Images are to be excluded, and the rest of the data repeated exactly.

§ Information shown
========================================================================

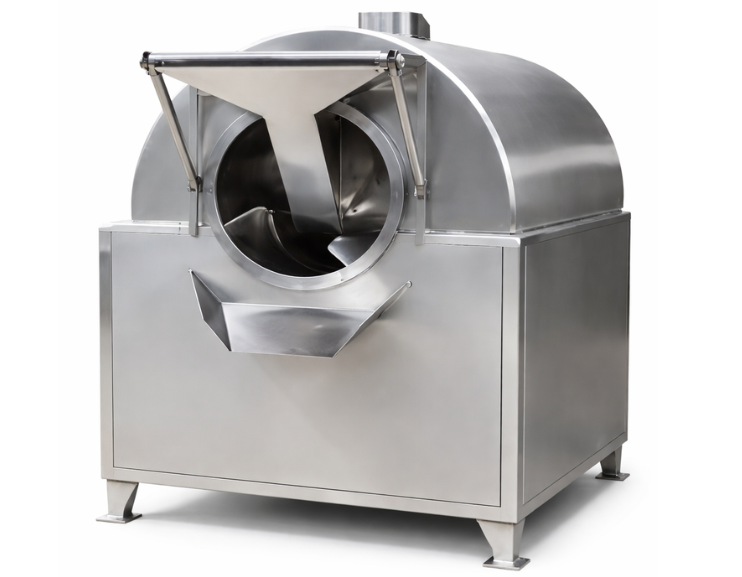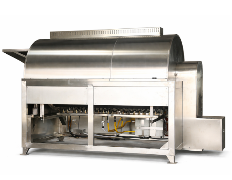 Batch-type roaster using LPG as the heating source for spices, grains, millets and nuts.
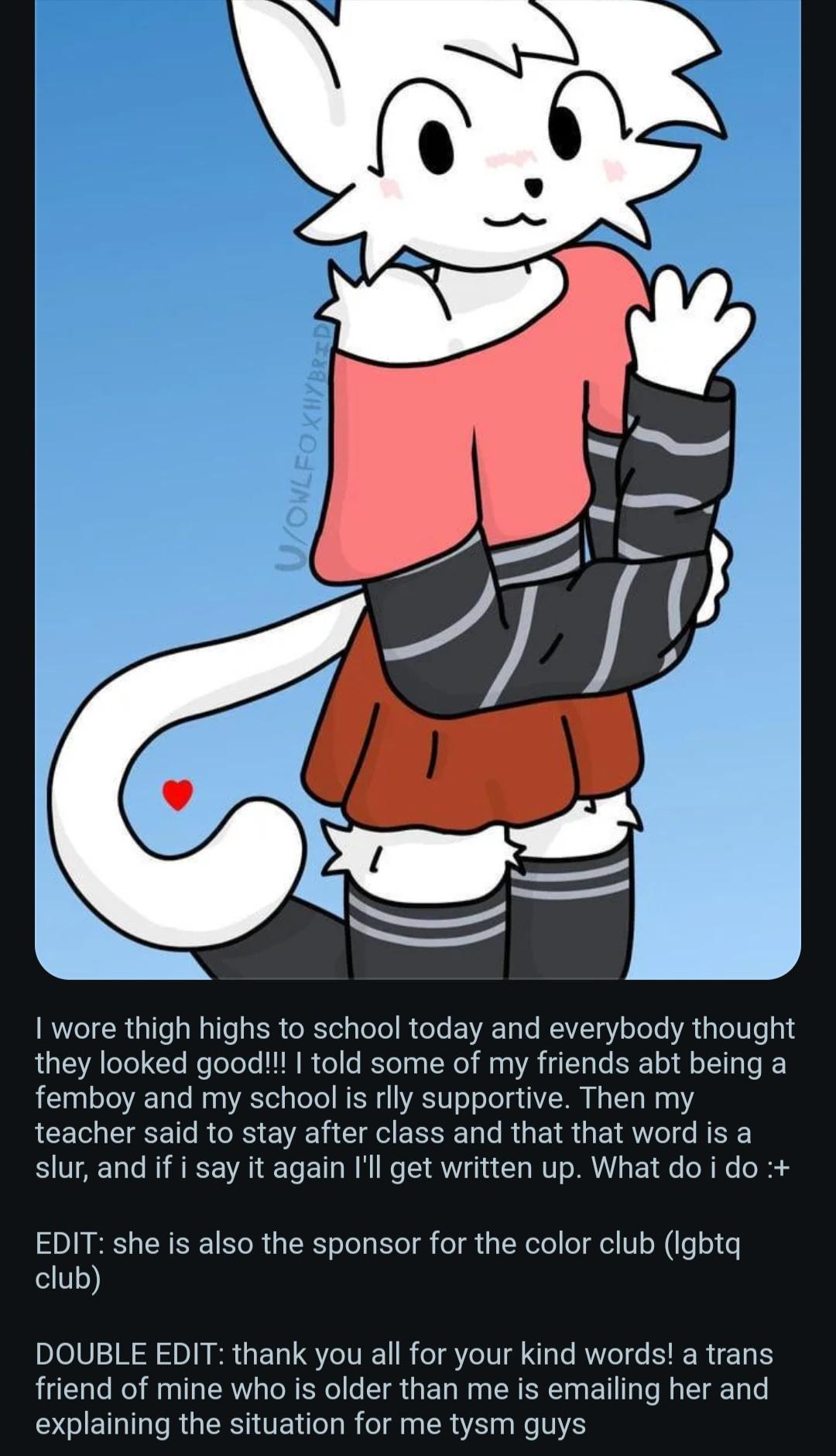 >>1573081920 years ago teens in high school would bully you for reading books too much, now femboys are really femboying in the school halls and not expect to get targeted
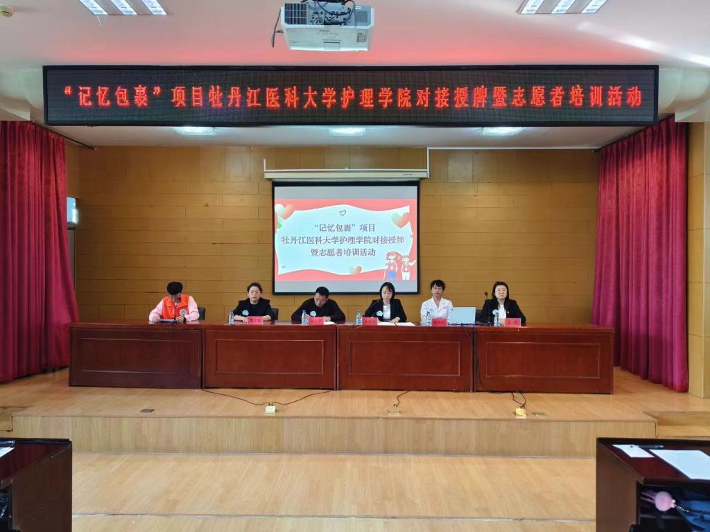 2024年9月29日,在牡丹江医科大学图书馆四楼报告厅开展北京韩红爱心慈善基金会“记忆包裹”项目牡丹江医科大学护理学院对接授牌暨志愿者培训活动。牡丹江市雨初社会组织发展服务中心作为“记忆包裹”项目执行机构为护理学院授旗,红旗医院神经内三科主任赵维纳开展专业知识培训,护理学院副处级辅导员张春丽、实习就业科科长曹文超、团委书记孟晨、辅导员赵健博以及110名大学生志愿者参加本次活动。

========================================================================

§ Exercise solution
 Batch-type roaster using LPG as the heating source for spices, grains, millets and nuts.
 >>1573081920 years ago teens in high school would bully you for reading books too much, now femboys are really femboying in the school halls and not expect to get targeted
 2024年9月29日,在牡丹江医科大学图书馆四楼报告厅开展北京韩红爱心慈善基金会“记忆包裹”项目牡丹江医科大学护理学院对接授牌暨志愿者培训活动。牡丹江市雨初社会组织发展服务中心作为“记忆包裹”项目执行机构为护理学院授旗,红旗医院神经内三科主任赵维纳开展专业知识培训,护理学院副处级辅导员张春丽、实习就业科科长曹文超、团委书记孟晨、辅导员赵健博以及110名大学生志愿者参加本次活动。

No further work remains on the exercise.